AP: Your mobile field guide app project is very interesting. Can you describe briefly what you would like to accomplish with your guide?
AL: I wanted people to have access to the stories behind each plant. When you visit a botanical garden, you see a plant in a single cycle of its life,
and there is rarely room for more than a name label. The digital field guide will enable visitors to view all aspects of a plant’s life cycle and to learn more about the plant. Plants can be identified through a map of the garden, but the app can also be used off-site to browse plant profiles. I find botanic field guides to be lovely bedtime reading.
AP: How did you get started in journalism?
AL: I’ve always been a writer, and writing has been a significant component of everything I’ve worked on — companion content for photojournalism essays, grants for documentary films, typeface reviews for Print magazine.
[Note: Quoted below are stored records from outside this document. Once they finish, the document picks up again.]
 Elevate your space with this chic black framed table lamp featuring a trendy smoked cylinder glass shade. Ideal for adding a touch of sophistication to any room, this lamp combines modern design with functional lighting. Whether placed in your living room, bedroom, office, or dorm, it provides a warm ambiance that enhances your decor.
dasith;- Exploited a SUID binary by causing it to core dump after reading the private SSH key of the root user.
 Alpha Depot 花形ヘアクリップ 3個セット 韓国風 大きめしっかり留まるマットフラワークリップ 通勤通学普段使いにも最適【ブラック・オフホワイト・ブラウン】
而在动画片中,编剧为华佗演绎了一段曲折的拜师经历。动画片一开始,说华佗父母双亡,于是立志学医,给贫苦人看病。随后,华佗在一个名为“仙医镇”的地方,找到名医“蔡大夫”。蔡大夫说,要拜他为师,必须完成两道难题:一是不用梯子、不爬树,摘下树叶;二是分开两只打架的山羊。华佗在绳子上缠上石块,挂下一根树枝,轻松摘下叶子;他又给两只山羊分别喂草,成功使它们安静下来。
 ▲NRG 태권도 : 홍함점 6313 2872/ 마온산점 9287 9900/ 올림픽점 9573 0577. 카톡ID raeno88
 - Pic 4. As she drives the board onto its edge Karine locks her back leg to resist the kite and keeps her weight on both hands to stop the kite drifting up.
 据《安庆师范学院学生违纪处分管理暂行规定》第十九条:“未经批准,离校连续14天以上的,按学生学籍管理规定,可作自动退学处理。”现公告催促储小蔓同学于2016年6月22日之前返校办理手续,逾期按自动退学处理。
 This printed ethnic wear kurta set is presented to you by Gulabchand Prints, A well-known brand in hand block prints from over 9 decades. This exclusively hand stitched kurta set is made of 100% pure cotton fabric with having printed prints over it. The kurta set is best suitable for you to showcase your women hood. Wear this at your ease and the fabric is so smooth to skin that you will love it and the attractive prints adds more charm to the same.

My writing now is really no different, I am just doing a lot more of it, and I am able to focus on one broad topic that I love. I’m really enjoying figuring out how to describe plants in new ways, and the process of writing about them inevitably gives me a greater appreciation of the species in particular and the plant world in general.
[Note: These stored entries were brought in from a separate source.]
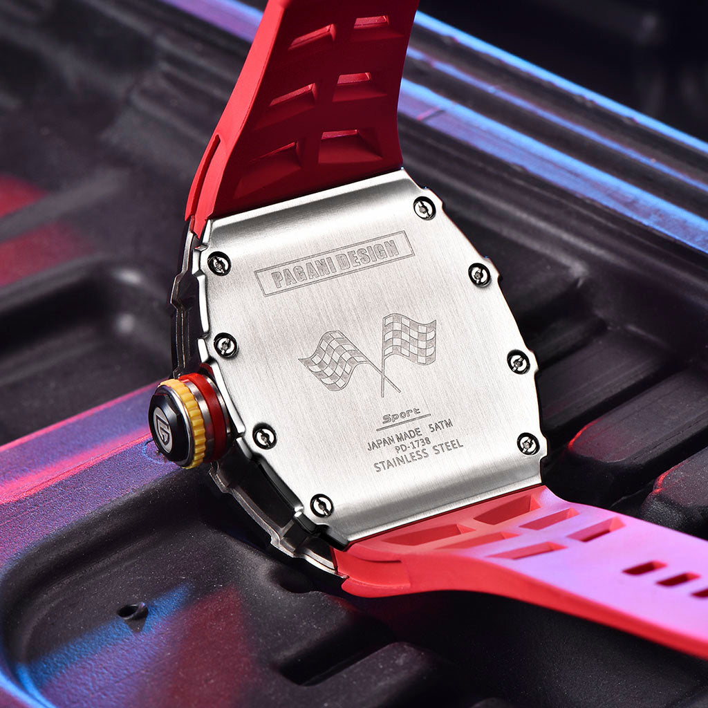O Pagani Design Monza Silver Red é resistente à água até 100 metros, proporcionando confiança e tranquilidade durante atividades aquáticas. A coroa do Pagani Design Monza Silver Red é rosqueada para garantir uma vedação completa e segura. Consulte o manual de uso e garantia para obter mais informações.
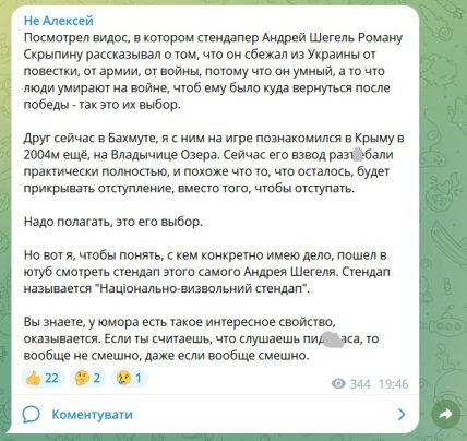 Отметим, что Андрей Щегель является одним из ведущих украинских стендап-комиков, участвовал в протестах в Беларуси в 2020 году, затем вернулся в Украину. Называл свое шоу национально-освободительным стендапом.
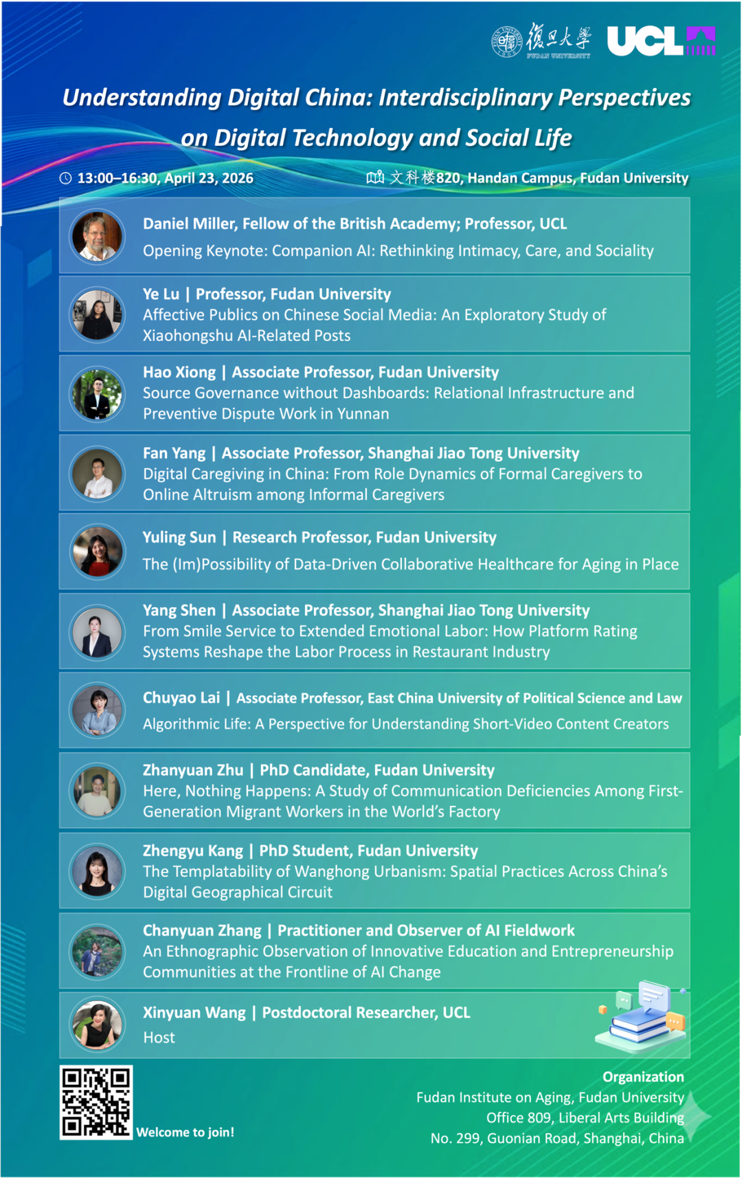 数字技术正在持续而深刻地重塑着社会运行方式以及人们的日常生活。然而,数字技术的重要性并不只在于技术本身,更在于它如何在具体的社会实践中被使用、理解和协商。在此背景下,复旦大学老龄研究院联合伦敦大学学院数字人类学中心共同举办跨学科论坛 「理解数字中国:AI时代下的数字技术与社会生活」,邀请来自人类学、法学、新闻传播学、公共管理与老龄研究等领域的多位学者,围绕数字技术与人工智能如何进入日常生活、改变社会关系与结构展开讨论,关注数字化转型、平台劳动、智能养老、算法与生活等多个议题。
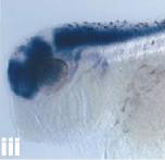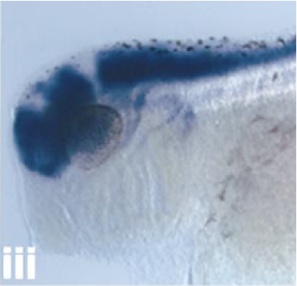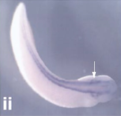 of neural plate stage, (Aii) dorsal view of early tailbud, and (Aiii) lateral view of the head of a late tailbud-staged embryo. Staining of the
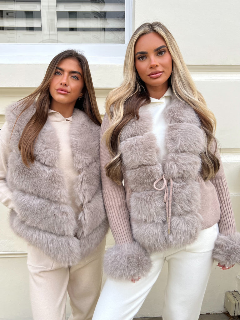 Beigefarbene Premium-Kunstpelzweste
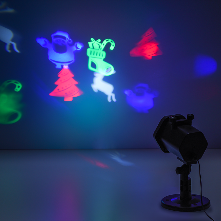 Лазерный проектор «4 картинки» подходит для тех, кто любит устраивать оригинальные тематические вечеринки. Новогодний проектор с изображением Деда мороза, оленя, носка с подарками и ели создаст оригинальный новогодний элемент декора, созданный для освещения праздника. Готовое решение будет отображаться на любой поверхности, превращая ваш дом в страну чудес. Плавная скорость вращения каждой картинки украсит зимнюю вечеринку. Идеально решение для праздничного уличного оформления дома, а также для использования в помещении. Светильник работает на расстоянии до 3-х метров.
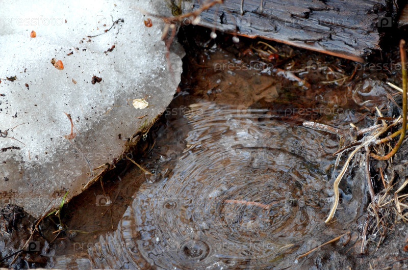 Весенняя капель. Падающие капли тающего снега с крыши в лужу
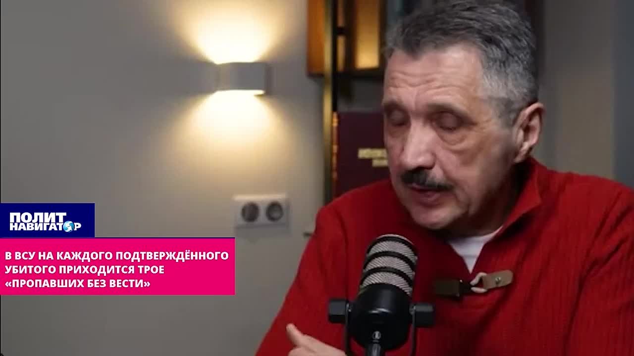 «У украинцев в 22 году на 3 погибших приходился один пропавший без вести. Сейчас пирамида перевернулась, и на каждого одного украинского погибшего, известного, тело которого домой привезли, приходится трое пропавших без вести.То есть, в ВСУ пропавших без вести, по крайней мере, год уже, в три раза больше, чем погибших.

AP: What have you been working on lately?
AL: For the past year, I’ve been working on a documentary media project, The Iraqi Seed Project. Looking at the agricultural landscape in modern-day Iraq and Kurdistan, it asks why farming is disappearing in the land where it was born. We bring into focus the region’s botanic legacies and current efforts to restore the Fertile Crescent. We just launched a website with clips from three years of filming. The video player is poised over a farm with seeds of the region’s historically major crops. We call the site a collective garden; every time a video is watched, a plant grows a little bit. The idea is that by learning about Iraq’s farmers and plants, we are helping their crops grow anew. It’s a nice metaphor.